• Recorded information

------------

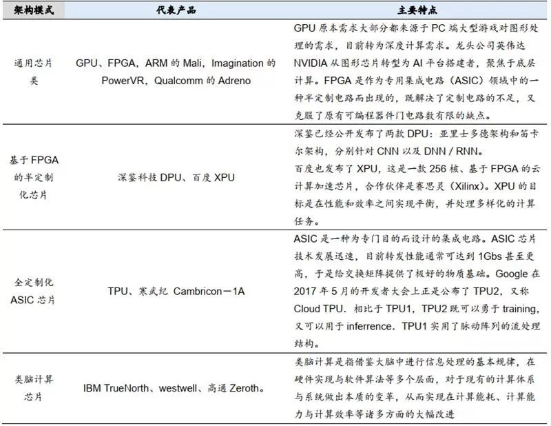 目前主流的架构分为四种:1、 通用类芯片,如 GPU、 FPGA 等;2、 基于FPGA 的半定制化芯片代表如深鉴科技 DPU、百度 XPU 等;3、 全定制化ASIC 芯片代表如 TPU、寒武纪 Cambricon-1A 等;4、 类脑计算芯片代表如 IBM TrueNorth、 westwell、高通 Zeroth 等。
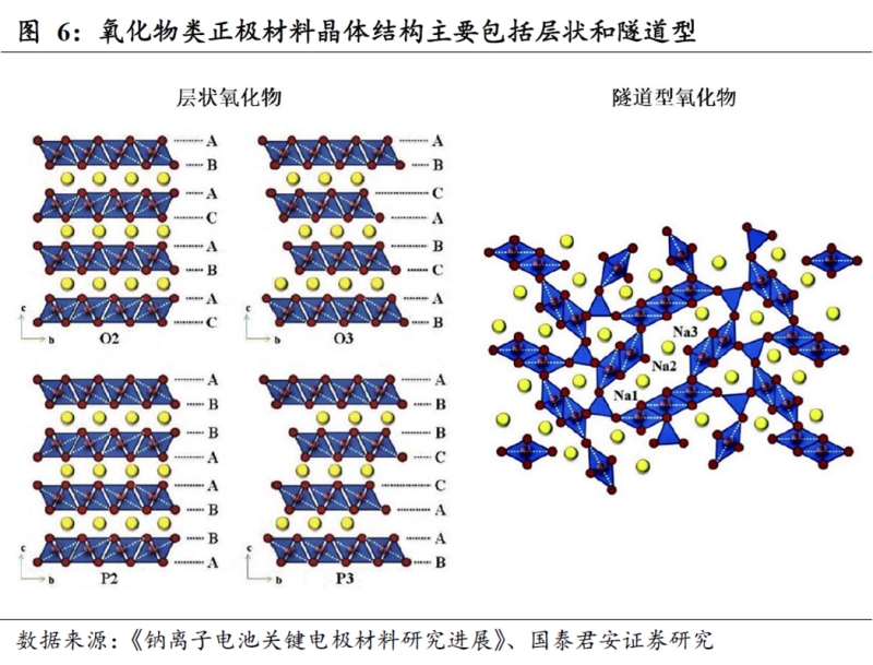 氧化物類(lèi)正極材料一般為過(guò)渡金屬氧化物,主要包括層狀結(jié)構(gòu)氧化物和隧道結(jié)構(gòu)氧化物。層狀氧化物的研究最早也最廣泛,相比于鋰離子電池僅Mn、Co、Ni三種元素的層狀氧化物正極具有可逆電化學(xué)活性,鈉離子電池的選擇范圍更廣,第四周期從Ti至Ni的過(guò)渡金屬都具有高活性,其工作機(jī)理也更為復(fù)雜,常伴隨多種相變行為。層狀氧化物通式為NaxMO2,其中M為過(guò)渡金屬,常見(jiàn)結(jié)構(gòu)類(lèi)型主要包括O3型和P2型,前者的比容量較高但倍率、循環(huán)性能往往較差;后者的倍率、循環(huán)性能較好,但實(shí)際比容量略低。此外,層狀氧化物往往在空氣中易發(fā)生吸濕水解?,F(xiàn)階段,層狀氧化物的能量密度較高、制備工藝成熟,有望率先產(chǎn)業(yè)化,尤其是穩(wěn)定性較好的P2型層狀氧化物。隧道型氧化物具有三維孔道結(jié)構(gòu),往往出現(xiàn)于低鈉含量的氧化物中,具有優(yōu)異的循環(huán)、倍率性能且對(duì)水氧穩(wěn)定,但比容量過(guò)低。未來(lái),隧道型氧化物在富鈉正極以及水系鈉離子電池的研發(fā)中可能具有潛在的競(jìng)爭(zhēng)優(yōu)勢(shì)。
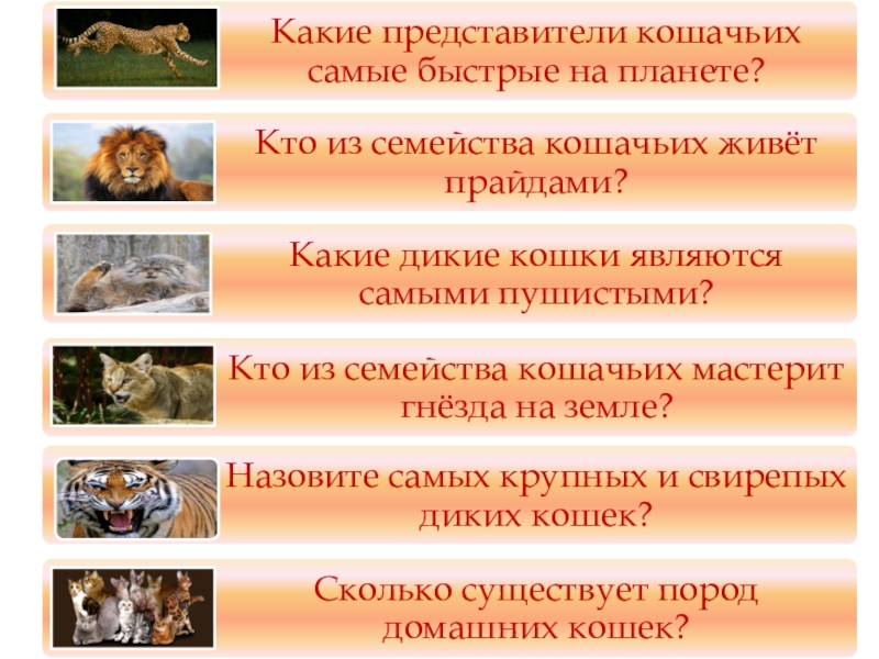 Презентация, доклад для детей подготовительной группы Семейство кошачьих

------------

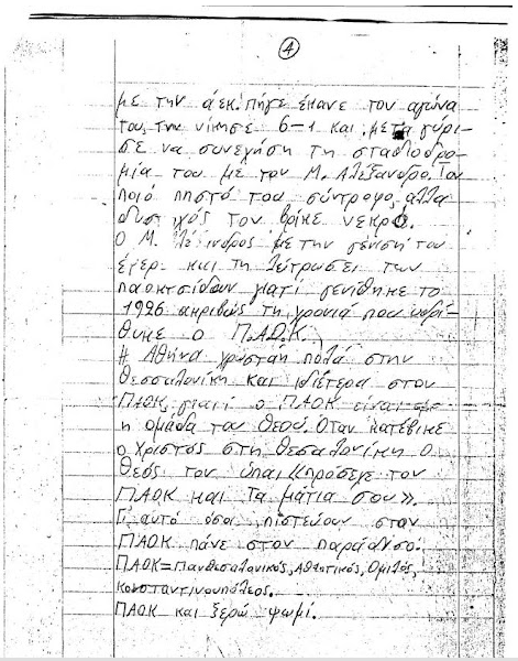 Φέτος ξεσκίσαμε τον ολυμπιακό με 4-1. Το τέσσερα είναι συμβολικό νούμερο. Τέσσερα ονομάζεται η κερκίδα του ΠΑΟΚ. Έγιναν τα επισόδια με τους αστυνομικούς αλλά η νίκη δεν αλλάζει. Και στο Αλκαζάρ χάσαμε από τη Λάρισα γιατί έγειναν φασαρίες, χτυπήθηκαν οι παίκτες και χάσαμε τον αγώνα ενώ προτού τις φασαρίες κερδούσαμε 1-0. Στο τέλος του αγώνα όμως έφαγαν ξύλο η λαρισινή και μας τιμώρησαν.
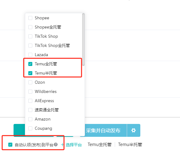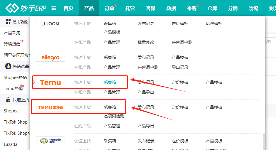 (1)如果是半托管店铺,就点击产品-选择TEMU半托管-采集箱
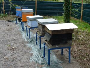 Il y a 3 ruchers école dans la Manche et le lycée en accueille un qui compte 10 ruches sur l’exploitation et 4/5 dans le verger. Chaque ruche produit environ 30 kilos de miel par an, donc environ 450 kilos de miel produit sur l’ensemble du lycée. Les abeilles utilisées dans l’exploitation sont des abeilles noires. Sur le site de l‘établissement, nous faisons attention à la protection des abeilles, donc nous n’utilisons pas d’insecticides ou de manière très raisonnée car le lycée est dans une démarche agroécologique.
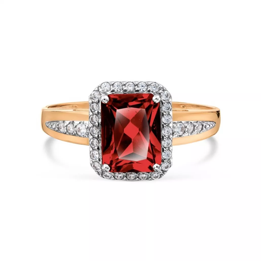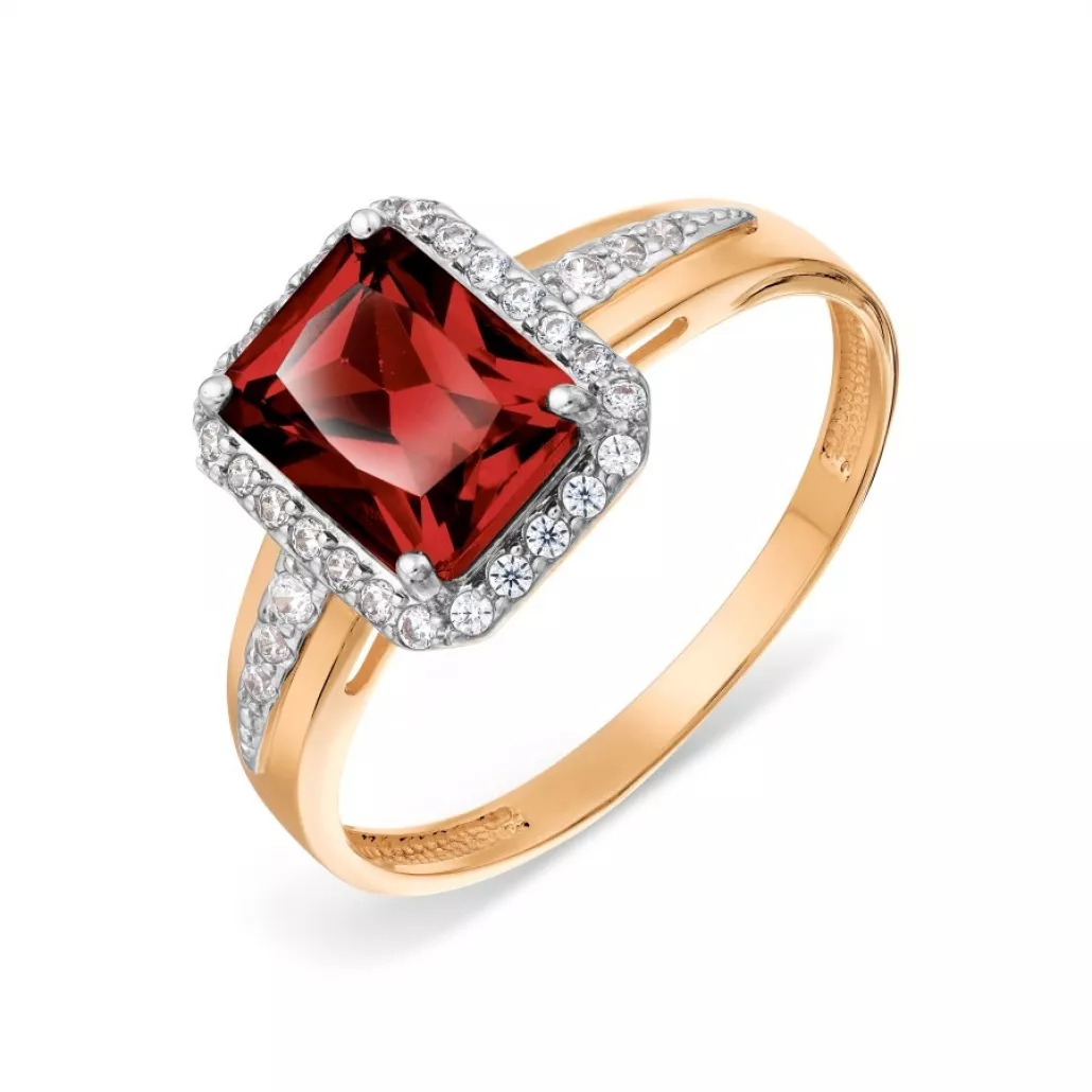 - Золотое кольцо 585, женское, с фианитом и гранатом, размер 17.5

------------

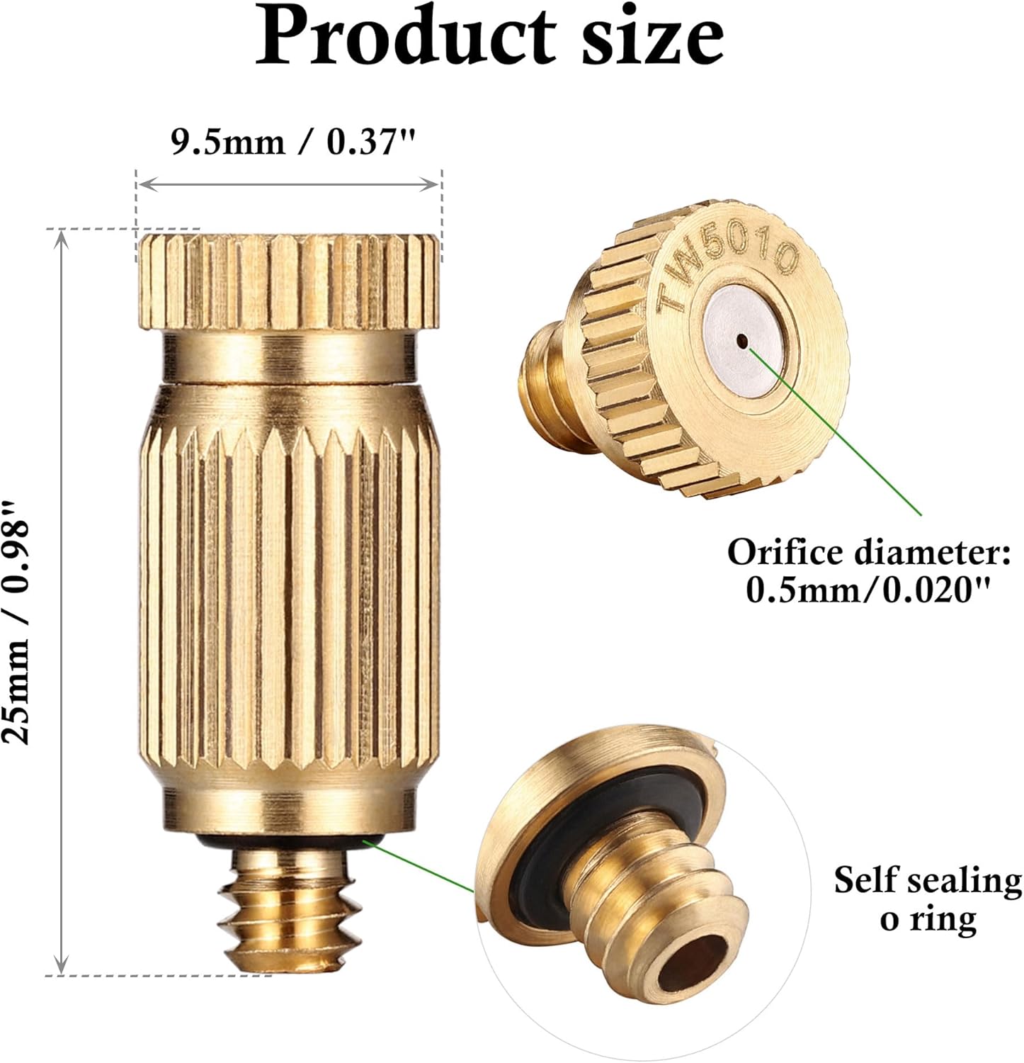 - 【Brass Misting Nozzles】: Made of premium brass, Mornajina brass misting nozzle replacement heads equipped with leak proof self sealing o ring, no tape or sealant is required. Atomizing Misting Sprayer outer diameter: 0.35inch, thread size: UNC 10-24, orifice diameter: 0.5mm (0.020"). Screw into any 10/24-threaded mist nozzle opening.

------------

• What the task asks
Range to copy from the listing above: the line with "目前主流的架构分为四种:1、 通用类芯片,如 GPU、" through the line with "Презентация, доклад для". Transcribe it exactly and skip the pictures.

• Finished exercise
 目前主流的架构分为四种:1、 通用类芯片,如 GPU、 FPGA 等;2、 基于FPGA 的半定制化芯片代表如深鉴科技 DPU、百度 XPU 等;3、 全定制化ASIC 芯片代表如 TPU、寒武纪 Cambricon-1A 等;4、 类脑计算芯片代表如 IBM TrueNorth、 westwell、高通 Zeroth 等。
 氧化物類(lèi)正極材料一般為過(guò)渡金屬氧化物,主要包括層狀結(jié)構(gòu)氧化物和隧道結(jié)構(gòu)氧化物。層狀氧化物的研究最早也最廣泛,相比于鋰離子電池僅Mn、Co、Ni三種元素的層狀氧化物正極具有可逆電化學(xué)活性,鈉離子電池的選擇范圍更廣,第四周期從Ti至Ni的過(guò)渡金屬都具有高活性,其工作機(jī)理也更為復(fù)雜,常伴隨多種相變行為。層狀氧化物通式為NaxMO2,其中M為過(guò)渡金屬,常見(jiàn)結(jié)構(gòu)類(lèi)型主要包括O3型和P2型,前者的比容量較高但倍率、循環(huán)性能往往較差;后者的倍率、循環(huán)性能較好,但實(shí)際比容量略低。此外,層狀氧化物往往在空氣中易發(fā)生吸濕水解?,F(xiàn)階段,層狀氧化物的能量密度較高、制備工藝成熟,有望率先產(chǎn)業(yè)化,尤其是穩(wěn)定性較好的P2型層狀氧化物。隧道型氧化物具有三維孔道結(jié)構(gòu),往往出現(xiàn)于低鈉含量的氧化物中,具有優(yōu)異的循環(huán)、倍率性能且對(duì)水氧穩(wěn)定,但比容量過(guò)低。未來(lái),隧道型氧化物在富鈉正極以及水系鈉離子電池的研發(fā)中可能具有潛在的競(jìng)爭(zhēng)優(yōu)勢(shì)。
 Презентация, доклад для детей подготовительной группы Семейство кошачьих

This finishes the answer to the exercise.